The address of the issuer of the security token was not specified. An explicit issuer address must be specified on the link to 'https://estnbr363.nobre.local/Service1.svc' destination or sender's address location must be configured in the credentials.

the problem are these lines below! how to implement ?

  // Extract the STS certificate from the certificate store. ?????????
      X509Store store = new X509Store(StoreName.TrustedPeople, StoreLocation.CurrentUser);
      store.Open(OpenFlags.ReadOnly);
      X509Certificate2Collection certs = store.Certificates.Find(
          X509FindType.FindByThumbprint, "0000000000000000000000000000000000000000", false);
      store.Close();

      // Create an EndpointIdentity from the STS certificate. ???????????
      EndpointIdentity identity = EndpointIdentity.CreateX509CertificateIdentity ( certs[0] );

      // Set the IssuerAddress using the address of the STS and the previously created ???????
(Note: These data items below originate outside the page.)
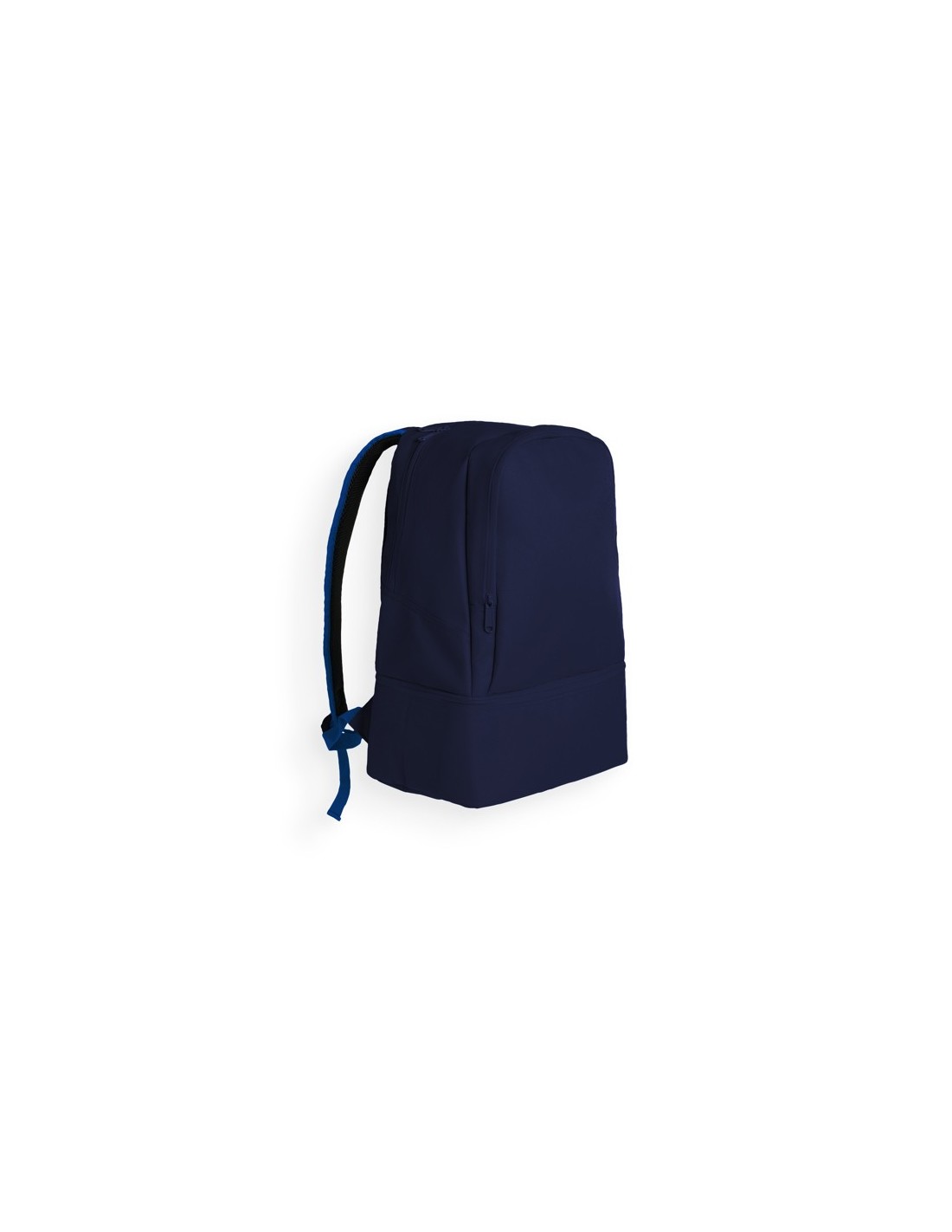 Mochila deportiva bicolor con diseño ergonómico y de fácil personalización. Doble asa reforzada para hombros y asa especial de mano. Respaldo acolchado en los puntos de apoyo principales sobre la espalda. Bolsillo zapatillero acochado. Un bolsillo principal con doble tirador y un bolsillo frontal exterior de menor capacidad.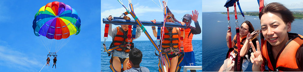 上空からセブの美しい海や近くの島々を眺めることのできるパラセーリング。ボートから足が離れると、あっという間に数10mの高さまで到達します。空から見る景色はまた格別!
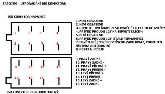 Červený a žlutý jsou (+), jeden z nich je zapojený přímo na akumulátor (vodič 30) a druhý přes klíček (vodič 15). Ten co jde na akumulátor slouží k napájení paměti předladěných stanic, druhý vypíná rádio při vypnutí klíčku. Některá rádia jdou zapnout i bez něj, jiná ne, záleží na výrobci a modelu. Vyzkoušej co to dělá zrovna u tebe, a pokud zapojíš oba, nic se nestane, pochopitelně vždy přes pojistku!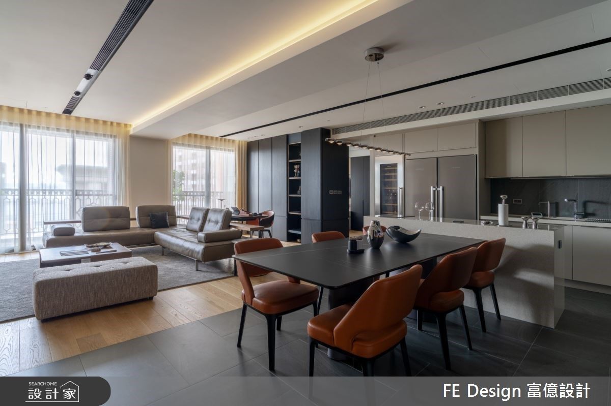 開放式餐廚區是生活的核心,長型中島結合餐桌,搭配大膽的愛馬仕橘色餐椅,為空間注入活力。雙開冰箱與紅酒櫃提升了居家機能,滿足屋主對於生活品質的講究。而客廳電視牆以幾何切割的大理石鋪陳,搭配落地音響,營造出沉浸式視覺與聽覺饗宴。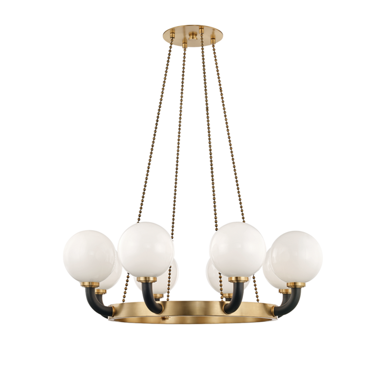 The simple silhouette of Sphere No.2 celebrates the universal beauty of the circle. Beautiful finishes covering half of the sphere and continuing at the bottom of the shade give the collection an approachable feel. Three-chain suspension from a robust canopy completes the timeless style of this attractive piece.
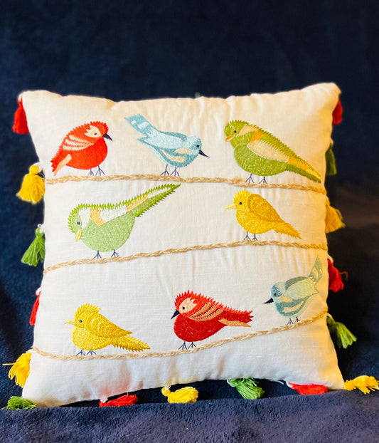 Decorative Embroidered Multicolor Bird Cotton Cushion Cover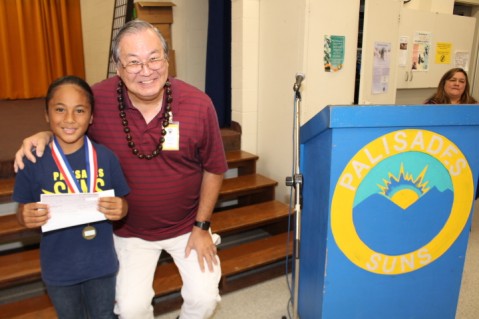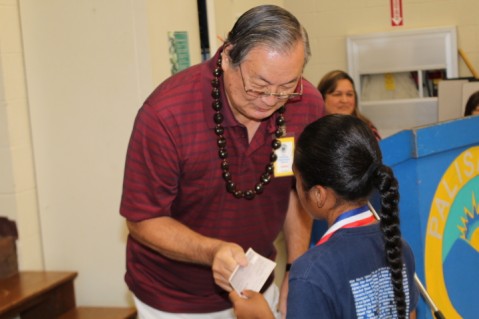 Olivas-Maake was presented a recognition letter and a $50.00 check by past Rotary Club of Pearlridge President and current Board Member Dick Mosko for winning Rotary International's Dictionary 5000 Good Citizen Award. Rayden was chosen by Palisades Elementary third grade teachers for best exemplifying the Principles of Rotary International's 4-Way Test.
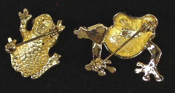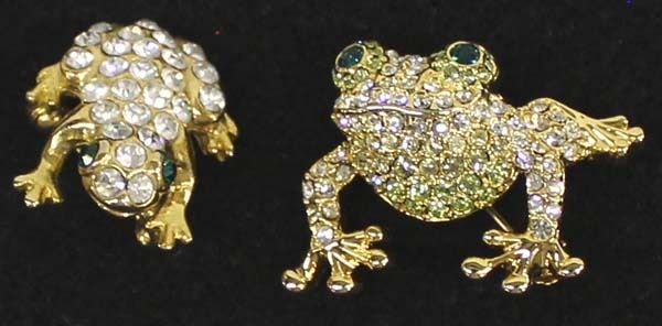 2 Rhinestone Frog Brooches, largest measures 1'' x 1''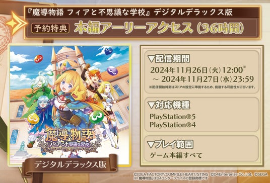 アイディアファクトリー株式会社(代表取締役社長:佐藤 嘉晃/所在地:東京都豊島区)の子会社である株式会社コンパイルハート(取締役社長:冨長 直人/所在地:東京都豊島区)は、PlayStation5/PlayStation4版『魔導物語 フィアと不思議な学校』のデジタルデラックス版のアーリーアクセスを開始いたしました。

      // EndpointIdentity.
      b.Security.Message.IssuerAddress = 
          new EndpointAddress(new Uri("http://localhost:8000/sts/x509"), identity);

Answer 1

I had a similar problem and this

factory.Credentials.SupportInteractive = false;

turned off CardSpace for me. Just place it after the ConfigureChannelFactory() in the client code.

[Authorize]
public ActionResult Index(){
    var identity = HttpContext.User.Identity as ClaimsIdentity;
    var securityToken = WcfHelper.GetActAsToken(identity.BootstrapContext as BootstrapContext);   
    string serviceAddress = "svc";
    var binding = new     WS2007FederationHttpBinding(WSFederationHttpSecurityMode.TransportWithMessageCredential);
    var factory = new ChannelFactory<IService>(binding,new EndpointAddress(serviceAddress));
    factory.ConfigureChannelFactory();
    factory.Credentials.SupportInteractive = false;
    var channel = factory.CreateChannelActingAs(securityToken);
    channel.DoWork();
}

SupportInterative:

Gets or sets a value that indicates whether the system is allowed to interactively prompt the user for credentials when necessary. For example, setting it to false might be desired in middle-tier scenarios.